Mom Makes Unlikely Half-Court Basket 0:31

It's the shot seen around the Web.

A Minnesota mom who nailed a basketball shot at half-court has earned thousands of dollars in school tuition, social media fame, and — most importantly, she says — the chance to raise awareness about families in need of food assistance.

Angela Ramey, of Bloomington, threw the shot on Dec. 4 after a fundraiser at her 9-year-old daughter Grace's private school. The ball bounced just short of the basket, then shocked Ramey and the crowd when it sailed in after the bounce.

"I looked at the ball. I looked at the ground. I dribbled once. I closed my eyes and I said a quick prayer," Ramey told NBC News affiliate KARE in Minnesota.

Ramey's lucky bucket scored her a half-year of free tuition for Grace, worth roughly $4,000. But as someone who grew up in a house where food was scarce, the event was about so much more than that.

Earlier this month, Grace had won a competition at school by raising $1,200 for Kids Against Hunger, an organization that provides meals to local families. Using the money from the fundraiser, the entire school packed meals to dole out to Minnesota's neediest on Dec. 4.

Grace and Ramey were there as the school packed up about 41,000 meals. Afterward, Grace had the opportunity to cash in on her prize for raising the most money for the fundraiser: three throws at a half-court basketball shot to earn half of next year’s tuition.

Grace took the court, her mother by her side. At first, she was shy about making the shot, so she handed the basketball to her mother. Ramey made an attempt — and missed.

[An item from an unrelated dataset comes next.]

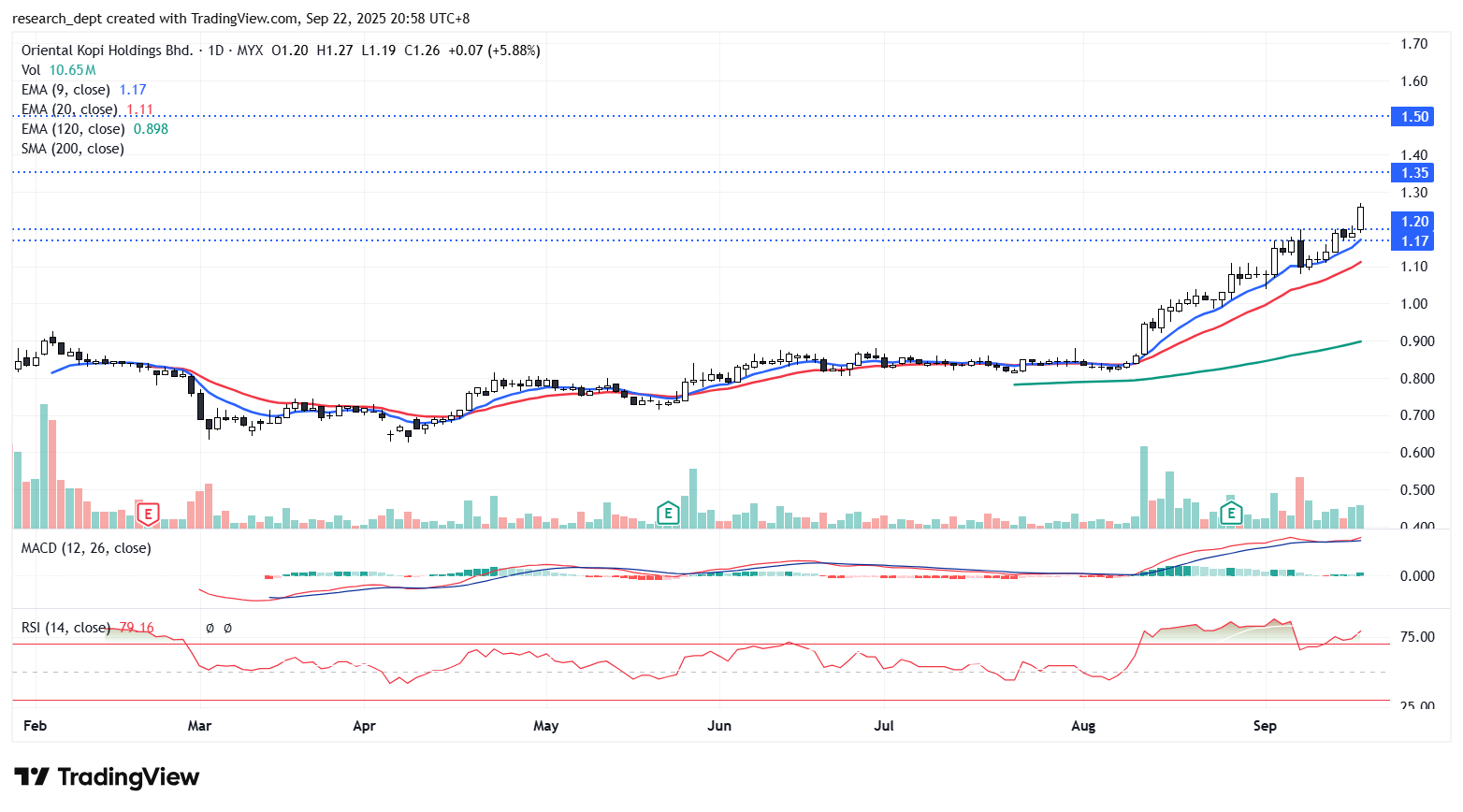 The share price was in consolidation, having only briefly dipped below RM0.645 in early April before swiftly reclaiming its upward trajectory. Since then, the stock has carved out a constructive pattern of higher highs and higher lows, underscoring the resilience of its underlying uptrend. More recently, a decisive breakout above the RM1.20 resistance has reinforced bullish sentiment, paving the way toward the next resistance at RM1.35–RM1.50. On the downside, immediate support is located at RM1.17.

Grace took the second shot. No hoop.

When Ramey sank the third shot on the bounce, causing the crowd to erupt in cheers, both mother and daughter were in disbelief.

“I thought that I had hit the man from Kids Against Hunger,” Ramey told NBC News.

As the crowd quieted down, Ramey thanked the children for their hard work fundraising, and told them why it touched her personally.

“I wanted to tell them that service projects matter,” Ramey said. “I did not grow up in a well-off family. I understand food insecurity.”

The enthusiasm and determination that the students had for raising money to give families in need a meal was “overwhelming,” she added.

“[The project] brought me back to my childhood and what my mother went through to provide for me and my brother,” Ramey said. “Being able to [pack meals] that day was such a gift.”

Bruce Maeda, the head of school at Bethany Academy, said the Rameys have been “very humbled by this.”

He said the project "put meals right back into our community,” and said that the initial goal was to raise enough money to pack 30,000 meals.

Exceeding the goal sends a great message, he said.

“We are a small school in the suburbs. But if we can give hope and encouragement to others, that’s awesome,” Maeda said.